Kai Wähner – Big Data beyond Hadoop – How to integrate ALL your data
Slides
Big data represents a significant paradigm shift in enterprise technology. Big data radically changes the nature of the data management profession as it introduces new concerns about the volume, velocity and variety of corporate data.
Apache Hadoop is the open source defacto standard for implementing big data solutions on the Java platform. Hadoop consists of its kernel, MapReduce, and the Hadoop Distributed Filesystem (HDFS). A challenging task is to send all data to Hadoop for processing and storage (and then get it back to your application later), because in practice data comes from many different applications (SAP, Salesforce, Siebel, etc.) and databases (File, SQL, NoSQL), uses different technologies and concepts for communication (e.g. HTTP, FTP, RMI, JMS), and consists of different data formats using CSV, XML, binary data, or other alternatives.

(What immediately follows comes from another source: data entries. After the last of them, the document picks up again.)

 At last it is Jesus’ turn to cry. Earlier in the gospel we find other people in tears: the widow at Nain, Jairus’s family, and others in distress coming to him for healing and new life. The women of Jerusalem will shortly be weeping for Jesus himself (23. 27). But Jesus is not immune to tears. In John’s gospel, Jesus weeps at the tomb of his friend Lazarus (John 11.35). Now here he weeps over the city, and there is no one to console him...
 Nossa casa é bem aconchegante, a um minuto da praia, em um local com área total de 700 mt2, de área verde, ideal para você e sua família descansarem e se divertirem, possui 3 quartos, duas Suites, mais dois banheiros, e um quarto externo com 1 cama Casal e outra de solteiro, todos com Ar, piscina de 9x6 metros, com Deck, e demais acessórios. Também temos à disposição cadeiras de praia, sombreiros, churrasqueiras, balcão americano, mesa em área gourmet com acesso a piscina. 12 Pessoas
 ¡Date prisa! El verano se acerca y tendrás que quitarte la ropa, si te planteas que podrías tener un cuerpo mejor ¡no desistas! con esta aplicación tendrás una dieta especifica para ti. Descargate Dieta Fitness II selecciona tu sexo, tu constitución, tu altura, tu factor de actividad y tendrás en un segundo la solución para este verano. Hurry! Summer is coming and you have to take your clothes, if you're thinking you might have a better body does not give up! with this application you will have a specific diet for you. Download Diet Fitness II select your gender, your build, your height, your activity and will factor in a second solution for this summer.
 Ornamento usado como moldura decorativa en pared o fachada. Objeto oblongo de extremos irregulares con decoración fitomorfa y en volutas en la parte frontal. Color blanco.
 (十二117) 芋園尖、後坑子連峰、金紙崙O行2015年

This session shows the powerful combination of Apache Hadoop and Apache Camel to solve this challenging task. Learn how to use every thinkable data with Hadoop – without plenty of complex or redundant boilerplate code. Besides supporting the integration of all different technologies and data formats, Apache Camel also offers an easy, standardized DSL to transform, split or filter incoming data using the Enterprise Integration Patterns (EIP). Therefore, Apache Hadoop and Apache Camel are a perfect match for processing big data on the Java platform.

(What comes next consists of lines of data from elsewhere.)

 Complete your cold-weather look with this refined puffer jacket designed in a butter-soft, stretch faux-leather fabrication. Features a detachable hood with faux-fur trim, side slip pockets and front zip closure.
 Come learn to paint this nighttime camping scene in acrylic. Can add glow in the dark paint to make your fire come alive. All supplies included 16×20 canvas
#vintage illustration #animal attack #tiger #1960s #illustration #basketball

Simon Willnauer – With a hammer in your hand…
ElasticSearch combines the power of Apache Lucene (NoSQL since 2001) and the movement of distributed, scalable high-performance NoSQL solutions into easy to use schema free search engine that can serve full-text search request, key-value lookups, schema free analytics requests, facets or even suggestions in real-time. This talk will give an introduction to the key features of ElasticSearch with live examples.
The talk won’t be an exhaustive feature presentation but rather an overview of what and how ElasticSearch can do for you.
Randall Wilson – A Billion Person Family Tree with MongoDB
Slides
FamilySearch maintains a collaborative family tree with a billion individuals in it. The tree is edited in real time by thousands of concurrent users. Recent experiments to move the tree from a relational database to a MongoDB yielded a huge gain in performance. This presentation reviews the lessons learned throughout this experience, including how to deal with things such as operations that previously depended on transactional integrity. It also shares some insights into the experience gained by testing against Riak and other solutions.
I first saw this in a tweet by Eugene Dvorkin.